• **What needs to be done**
The lines below, from the first through the one containing "Изготовитель: MYUNGIN COSMETICS", are to be given again exactly, with pictures left out and nothing added.

[Extracted records]
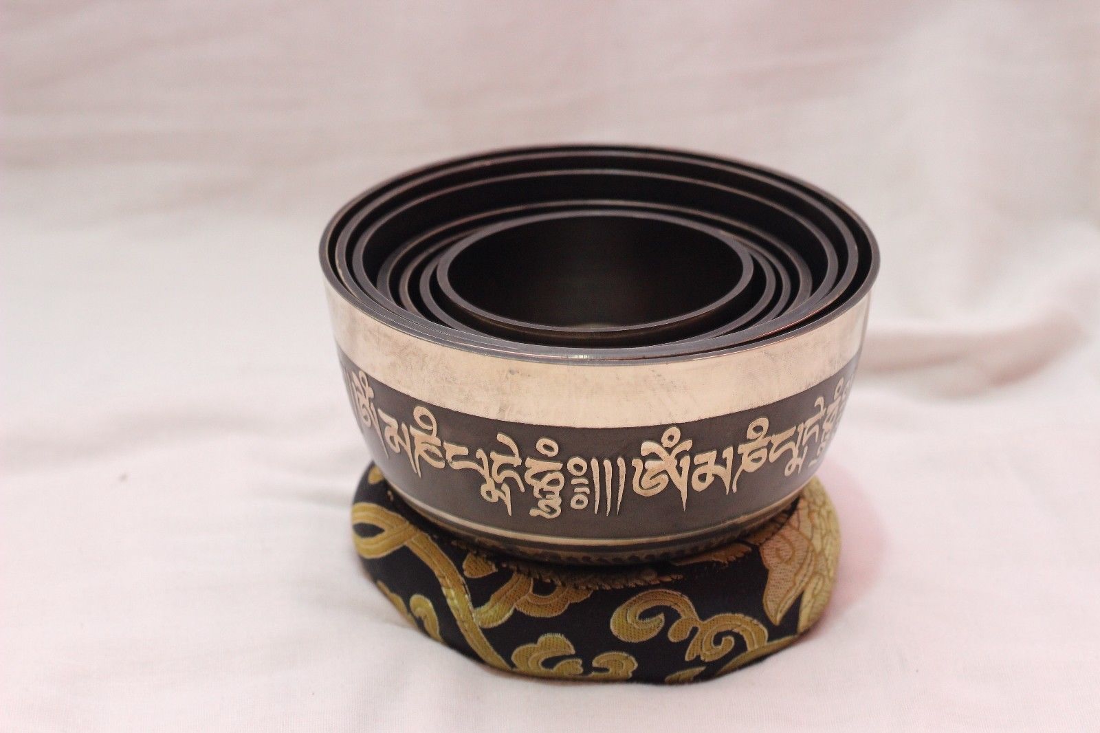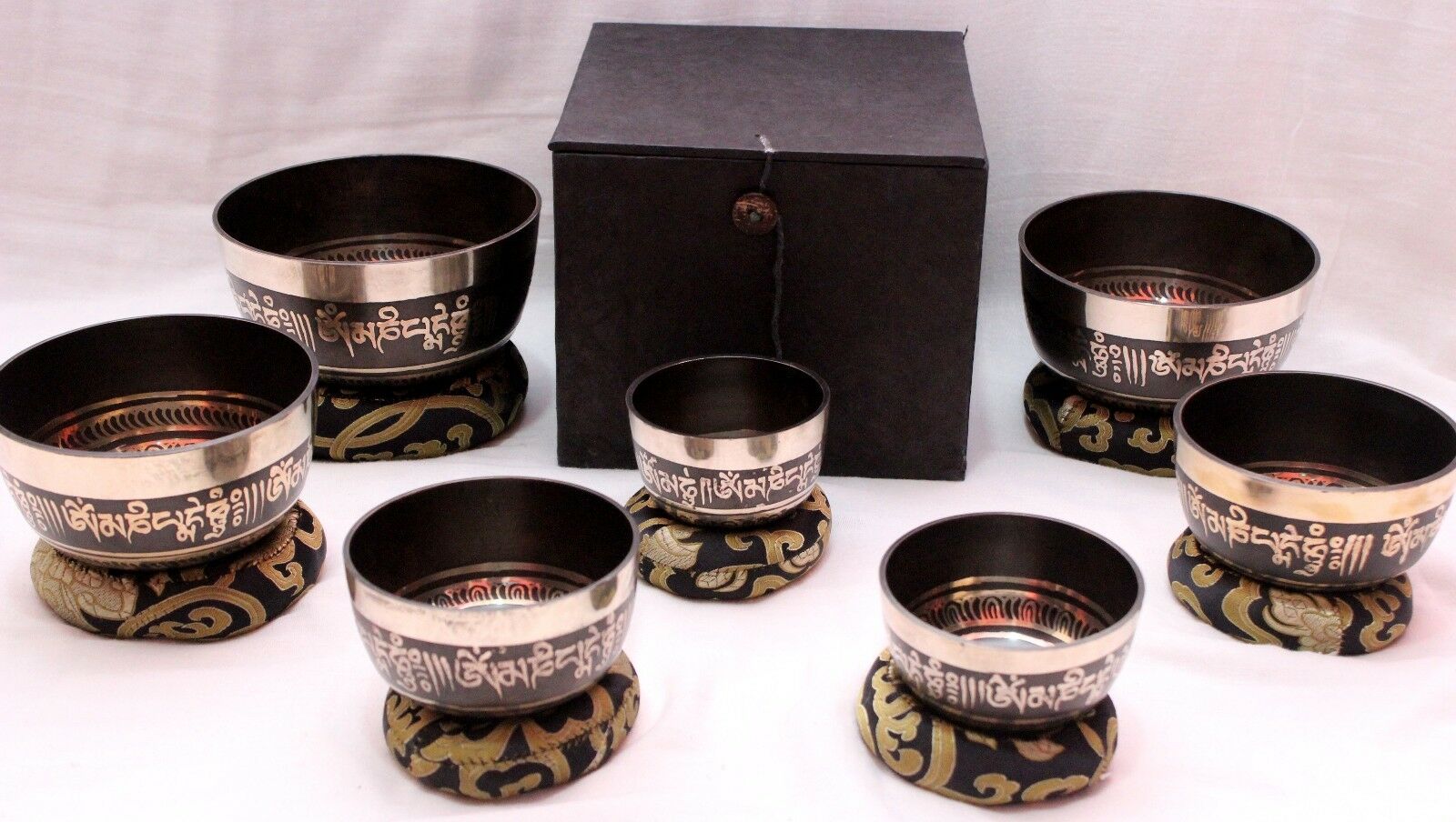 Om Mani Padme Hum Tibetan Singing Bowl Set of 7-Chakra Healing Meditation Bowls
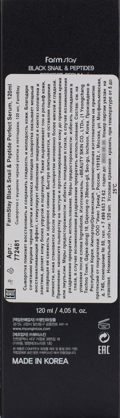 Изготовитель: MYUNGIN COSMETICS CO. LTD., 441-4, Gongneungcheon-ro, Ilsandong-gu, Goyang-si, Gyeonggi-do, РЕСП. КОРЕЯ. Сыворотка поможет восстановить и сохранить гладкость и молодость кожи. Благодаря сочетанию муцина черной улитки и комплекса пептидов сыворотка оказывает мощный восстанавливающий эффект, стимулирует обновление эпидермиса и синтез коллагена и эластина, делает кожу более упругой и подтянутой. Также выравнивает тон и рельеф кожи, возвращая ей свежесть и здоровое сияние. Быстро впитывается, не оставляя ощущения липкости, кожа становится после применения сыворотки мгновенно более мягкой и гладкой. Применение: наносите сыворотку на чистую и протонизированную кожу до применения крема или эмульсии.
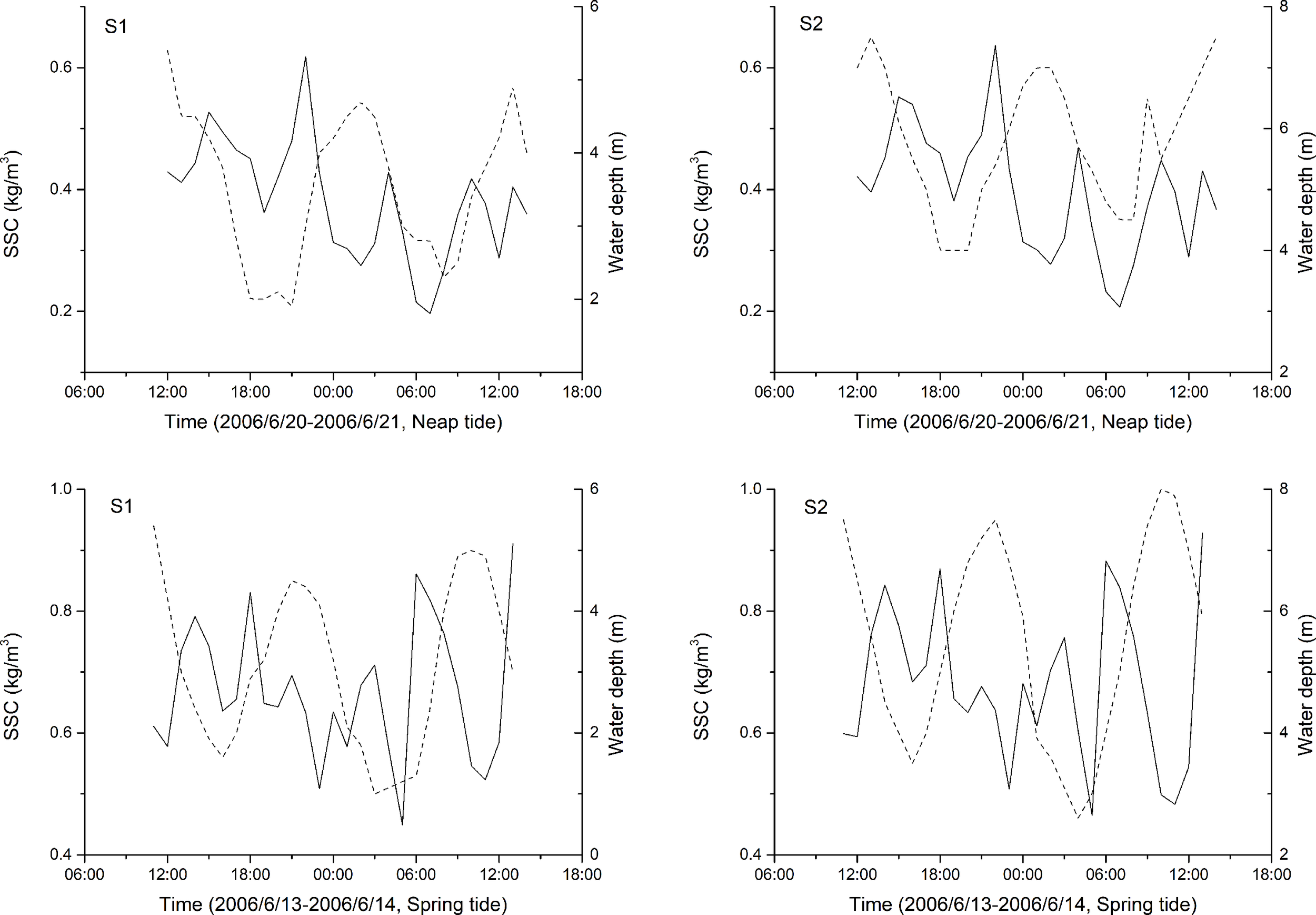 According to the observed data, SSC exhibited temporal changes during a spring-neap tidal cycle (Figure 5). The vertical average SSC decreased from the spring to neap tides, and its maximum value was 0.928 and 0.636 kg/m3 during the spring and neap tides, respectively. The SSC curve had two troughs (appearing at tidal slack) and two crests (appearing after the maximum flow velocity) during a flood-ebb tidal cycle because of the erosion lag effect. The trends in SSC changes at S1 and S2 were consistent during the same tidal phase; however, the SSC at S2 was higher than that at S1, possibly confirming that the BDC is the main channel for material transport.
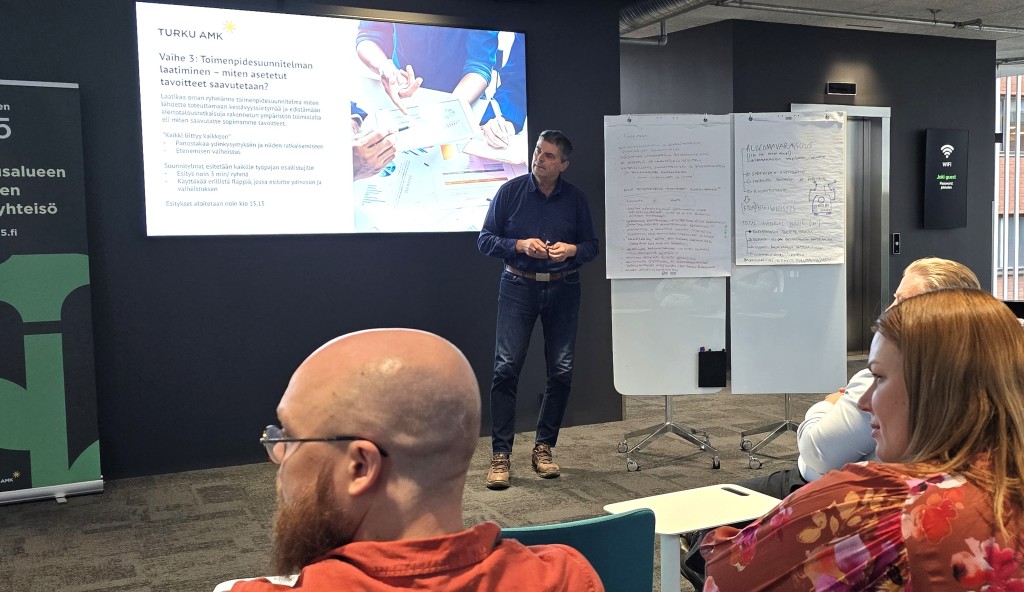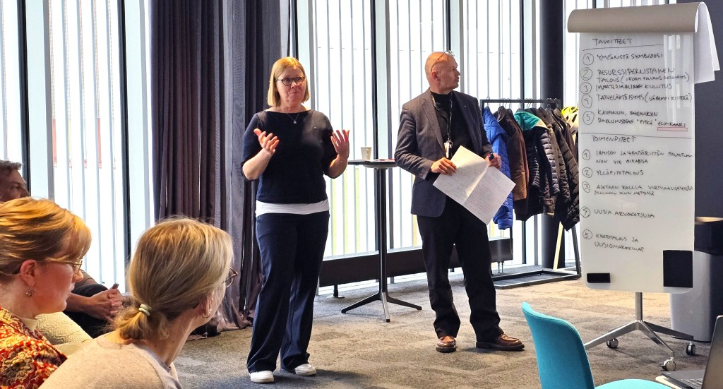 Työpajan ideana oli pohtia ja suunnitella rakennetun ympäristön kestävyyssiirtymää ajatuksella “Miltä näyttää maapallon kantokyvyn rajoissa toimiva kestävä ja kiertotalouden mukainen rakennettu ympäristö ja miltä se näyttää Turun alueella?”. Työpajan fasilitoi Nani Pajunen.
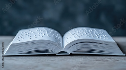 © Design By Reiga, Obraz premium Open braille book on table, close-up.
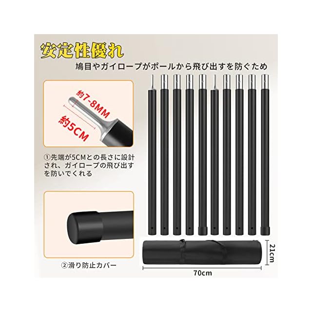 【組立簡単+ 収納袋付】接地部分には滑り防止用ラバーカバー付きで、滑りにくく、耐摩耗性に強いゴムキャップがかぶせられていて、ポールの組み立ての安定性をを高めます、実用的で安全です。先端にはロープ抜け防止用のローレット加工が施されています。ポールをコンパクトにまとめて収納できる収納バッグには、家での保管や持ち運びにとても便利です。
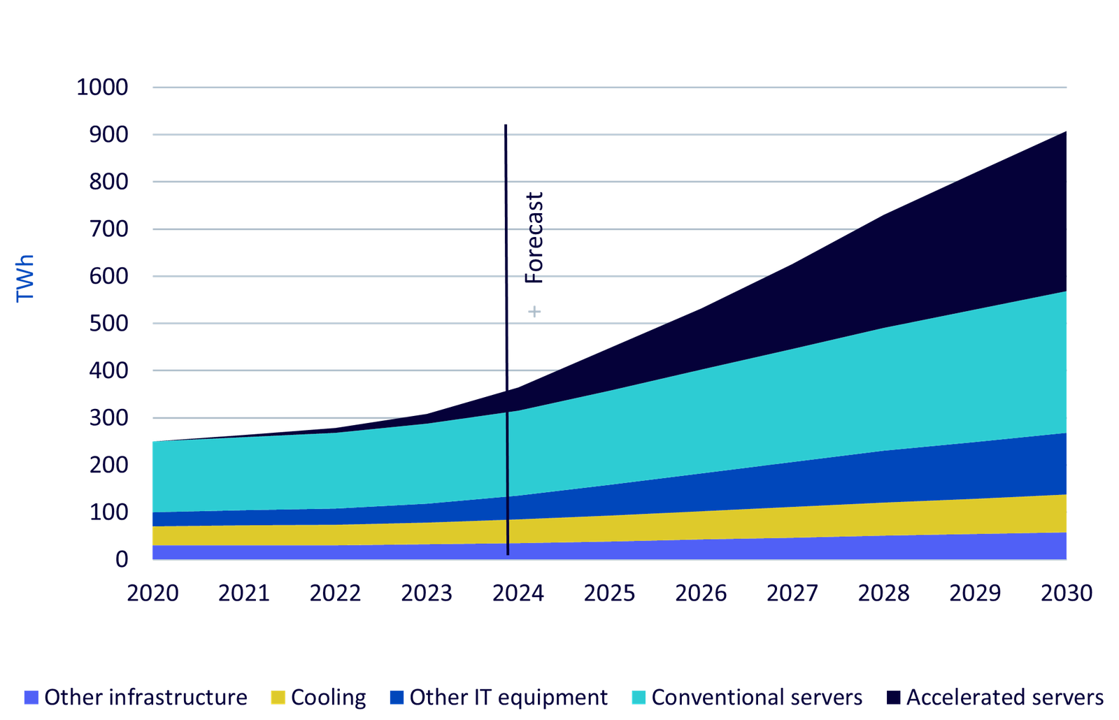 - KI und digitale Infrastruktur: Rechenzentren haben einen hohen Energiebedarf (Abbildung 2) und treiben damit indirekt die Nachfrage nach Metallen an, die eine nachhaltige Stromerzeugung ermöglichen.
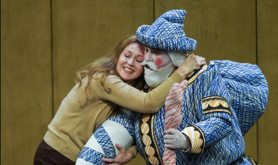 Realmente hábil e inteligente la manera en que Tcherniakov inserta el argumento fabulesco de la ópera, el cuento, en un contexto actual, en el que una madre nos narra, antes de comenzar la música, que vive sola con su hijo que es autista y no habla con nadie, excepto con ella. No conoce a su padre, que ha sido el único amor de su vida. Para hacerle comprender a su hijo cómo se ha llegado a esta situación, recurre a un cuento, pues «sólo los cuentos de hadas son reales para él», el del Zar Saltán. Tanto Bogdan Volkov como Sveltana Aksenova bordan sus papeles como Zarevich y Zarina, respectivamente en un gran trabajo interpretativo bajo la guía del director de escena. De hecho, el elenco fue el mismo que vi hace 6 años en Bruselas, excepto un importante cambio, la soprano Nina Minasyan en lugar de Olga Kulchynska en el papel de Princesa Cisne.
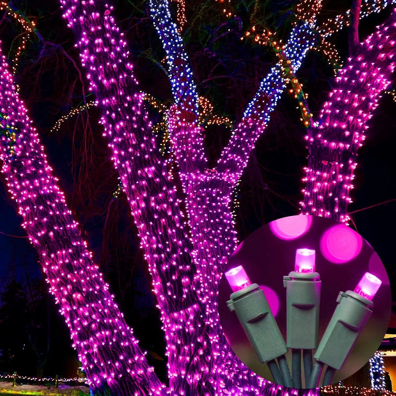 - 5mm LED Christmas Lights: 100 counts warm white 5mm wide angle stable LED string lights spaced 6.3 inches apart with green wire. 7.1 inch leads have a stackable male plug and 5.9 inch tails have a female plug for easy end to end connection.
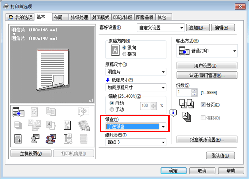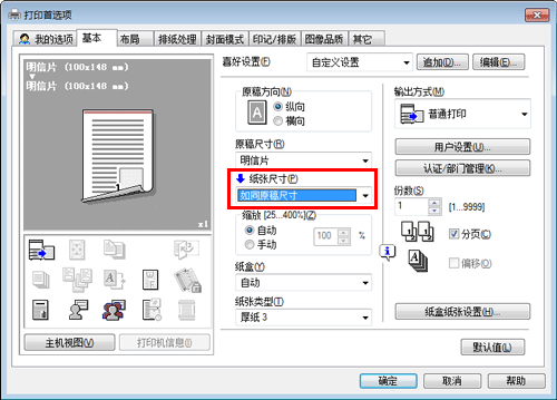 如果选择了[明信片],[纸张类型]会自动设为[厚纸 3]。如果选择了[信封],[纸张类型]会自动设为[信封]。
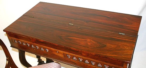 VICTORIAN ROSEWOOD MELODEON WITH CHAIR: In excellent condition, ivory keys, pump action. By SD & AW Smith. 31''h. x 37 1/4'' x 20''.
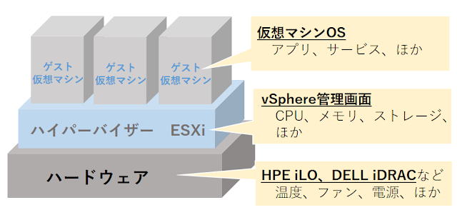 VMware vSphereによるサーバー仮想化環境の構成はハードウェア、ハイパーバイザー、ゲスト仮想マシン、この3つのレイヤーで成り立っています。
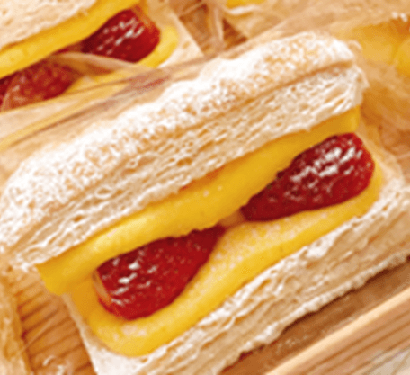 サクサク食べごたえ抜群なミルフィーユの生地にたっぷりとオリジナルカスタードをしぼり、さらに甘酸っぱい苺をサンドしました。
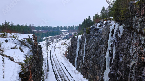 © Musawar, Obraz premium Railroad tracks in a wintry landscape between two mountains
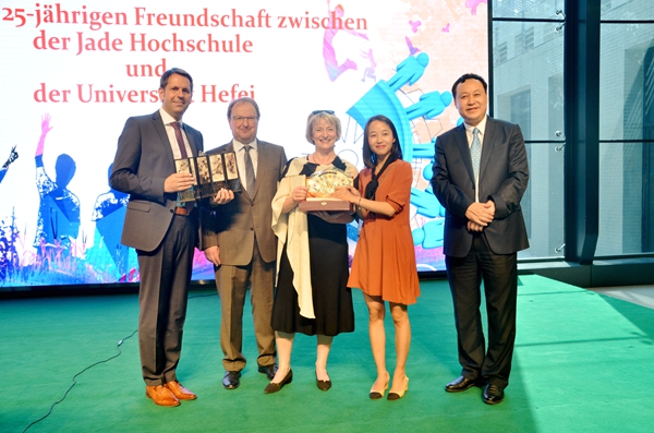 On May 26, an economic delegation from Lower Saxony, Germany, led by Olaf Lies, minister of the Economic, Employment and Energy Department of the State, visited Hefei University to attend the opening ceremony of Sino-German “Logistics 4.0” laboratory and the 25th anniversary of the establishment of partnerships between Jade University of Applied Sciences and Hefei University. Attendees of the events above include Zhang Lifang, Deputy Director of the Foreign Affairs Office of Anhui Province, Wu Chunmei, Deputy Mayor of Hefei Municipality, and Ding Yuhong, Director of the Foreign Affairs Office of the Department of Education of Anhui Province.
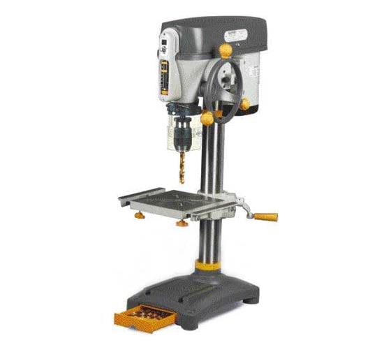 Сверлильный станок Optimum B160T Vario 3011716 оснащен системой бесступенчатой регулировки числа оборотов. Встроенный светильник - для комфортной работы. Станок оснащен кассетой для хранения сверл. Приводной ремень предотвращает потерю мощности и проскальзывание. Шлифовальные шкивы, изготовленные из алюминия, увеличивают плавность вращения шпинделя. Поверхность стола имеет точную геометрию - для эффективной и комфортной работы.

• **Answer box**
 Om Mani Padme Hum Tibetan Singing Bowl Set of 7-Chakra Healing Meditation Bowls
 Изготовитель: MYUNGIN COSMETICS CO. LTD., 441-4, Gongneungcheon-ro, Ilsandong-gu, Goyang-si, Gyeonggi-do, РЕСП. КОРЕЯ. Сыворотка поможет восстановить и сохранить гладкость и молодость кожи. Благодаря сочетанию муцина черной улитки и комплекса пептидов сыворотка оказывает мощный восстанавливающий эффект, стимулирует обновление эпидермиса и синтез коллагена и эластина, делает кожу более упругой и подтянутой. Также выравнивает тон и рельеф кожи, возвращая ей свежесть и здоровое сияние. Быстро впитывается, не оставляя ощущения липкости, кожа становится после применения сыворотки мгновенно более мягкой и гладкой. Применение: наносите сыворотку на чистую и протонизированную кожу до применения крема или эмульсии.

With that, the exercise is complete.